#### TASK INSTRUCTIONS:
Your reply must hold the lines from the one containing "SOLD - Fresh" to the end of the entries, copied exactly, with pictures excluded.

——————

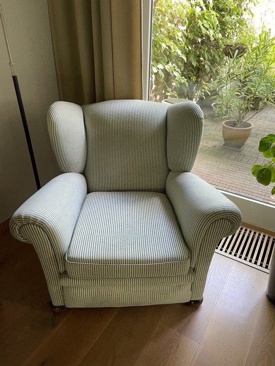 Klassischer Sessel in gutem Zustand mit sehr festem Baumwollbezug.
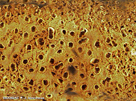 (EN) : Unidentified sponge : Close-up view of the surface showing excurrent oscula.
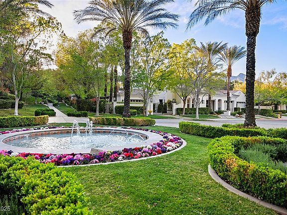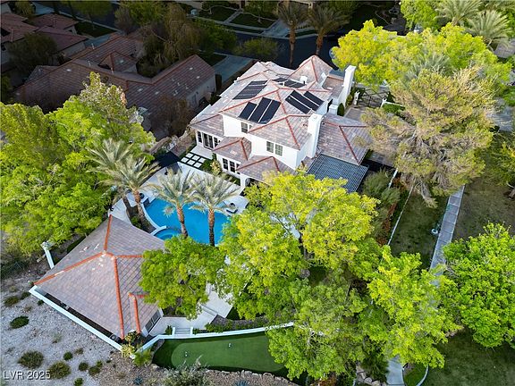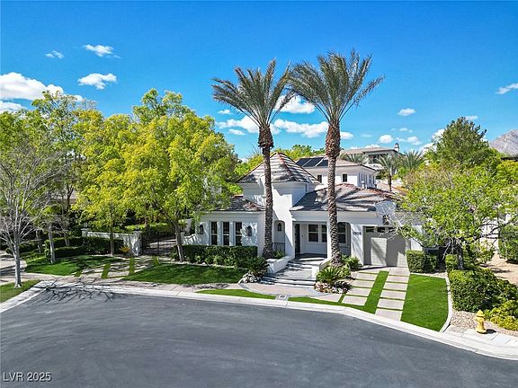 A rare opportunity to own nearly half an acre of private, double-gated luxury in one of Summerlin’s most coveted enclaves. Introducing a one-of-a-kind estate at the end of a cul-de-sac in the guard-gated community of The Vineyards. Privately set behind its own custom iron gate, this timeless residence offers rare seclusion & a detached guest house for elevated hospitality. Inside you're welcomed by a vaulted wood dome ceiling & custom mural painted by a renowned local artist. Enjoy the ambiance of multiple fireplaces, floor-to-ceiling sliders & French doors that create a seamless indoor/outdoor living experience. The resort-style backyard is a showpiece featuring lush landscaping, a newly refinished Pebble Tec pool, ambient lighting, putting green, outdoor dining with a 42" grill, and fire pit. At the heart of the home is a chef’s kitchen with European appliances, ceiling-height cabinetry & oversized island. Complete with a temperature controlled wine room & a main level primary suite.
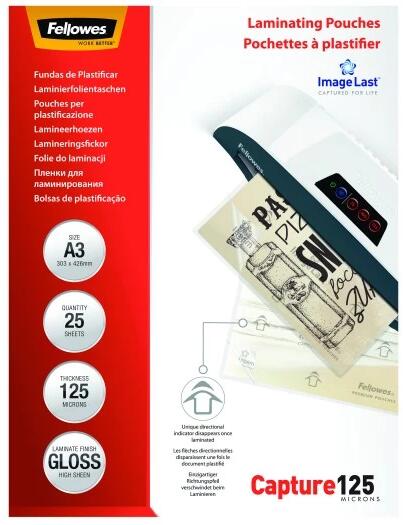 - Méret: A3 - Vastagság: 125 mikron - Felület: fényes - Védelem szintje: fokozott - Alkalmazható pl. értesítések, fényképek, tanúsítványok laminálására, továbbá hobby és kézművesség területen - Kiszerelés: 25 db/csomag - A tökéletes végeredmény és a kiemelkedő megbízhatóság érdekében Fellowes® laminálógépekhez mindig használjon Fellowes® lamináló fóliá
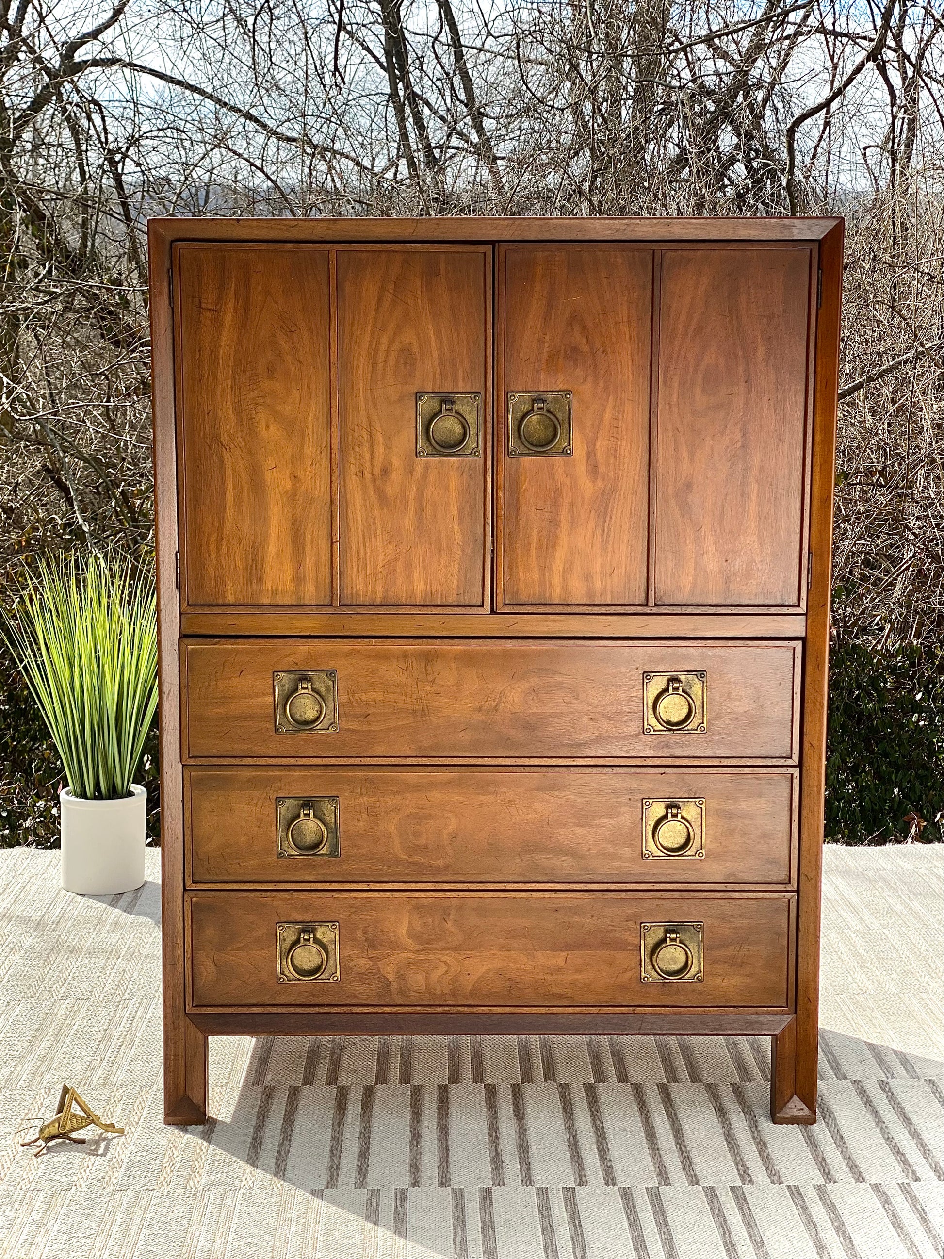 SOLD - Fresh find! 🌱❄️ We love this vintage MCM mid century modern American of Martinsville 4 drawer wooden highboy dresser. Unique design with lots of storage in this one. We love it! 52” x 38” x 19” Good condition
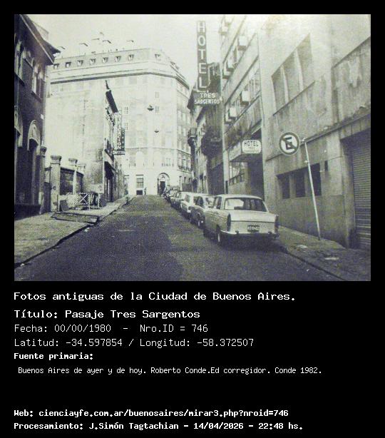 Pasaje Tres Sargentos - Fecha: 00/00/1980 - [Id: 746] Fuente:Buenos Aires de ayer y de hoy. Roberto Conde.Ed corregidor. Conde 1982.
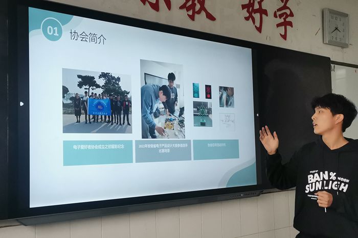 电信211班孙逍遥学长代表2021级参赛新生发言,重点围绕个人荣获2022年安徽省机器人大赛一等奖、参加安徽省电子设计竞赛经历,向与会新生分享个人学习方法和心得体会。
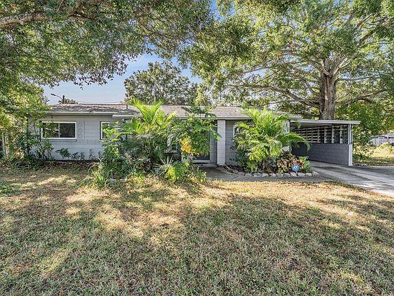 One or more photo(s) has been virtually staged. *Seller is offering 10K towards a new floor!* This 3-bedroom, 2-bath block home offers a great opportunity for homebuyers or investors looking for space and potential in a desirable location. Step inside to find an open-concept layout featuring a spacious family room that flows into a modernized kitchen with shaker cabinets, granite-style countertops, stainless steel appliances, and an island perfect for meal prep or entertaining. The primary bedroom is generously sized with its own en-suite bathroom and walk-in closet, while the two additional bedrooms share a second full bath. The enclosed back patio includes a functional laundry area and additional storage space. Outside, enjoy a large, fully fenced backyard—ideal for pets, play, or future additions. A covered carport offers convenient parking, and mature trees provide shade and privacy in the front and back yards. Centrally located in a quiet neighborhood, this home is just minutes to shopping, dining, downtown St. Pete, and area beaches. With a little TLC, this property could truly shine—schedule your showing today!

——————

#### WRITTEN ANSWER:
 SOLD - Fresh find! 🌱❄️ We love this vintage MCM mid century modern American of Martinsville 4 drawer wooden highboy dresser. Unique design with lots of storage in this one. We love it! 52” x 38” x 19” Good condition
 Pasaje Tres Sargentos - Fecha: 00/00/1980 - [Id: 746] Fuente:Buenos Aires de ayer y de hoy. Roberto Conde.Ed corregidor. Conde 1982.
 电信211班孙逍遥学长代表2021级参赛新生发言,重点围绕个人荣获2022年安徽省机器人大赛一等奖、参加安徽省电子设计竞赛经历,向与会新生分享个人学习方法和心得体会。
 One or more photo(s) has been virtually staged. *Seller is offering 10K towards a new floor!* This 3-bedroom, 2-bath block home offers a great opportunity for homebuyers or investors looking for space and potential in a desirable location. Step inside to find an open-concept layout featuring a spacious family room that flows into a modernized kitchen with shaker cabinets, granite-style countertops, stainless steel appliances, and an island perfect for meal prep or entertaining. The primary bedroom is generously sized with its own en-suite bathroom and walk-in closet, while the two additional bedrooms share a second full bath. The enclosed back patio includes a functional laundry area and additional storage space. Outside, enjoy a large, fully fenced backyard—ideal for pets, play, or future additions. A covered carport offers convenient parking, and mature trees provide shade and privacy in the front and back yards. Centrally located in a quiet neighborhood, this home is just minutes to shopping, dining, downtown St. Pete, and area beaches. With a little TLC, this property could truly shine—schedule your showing today!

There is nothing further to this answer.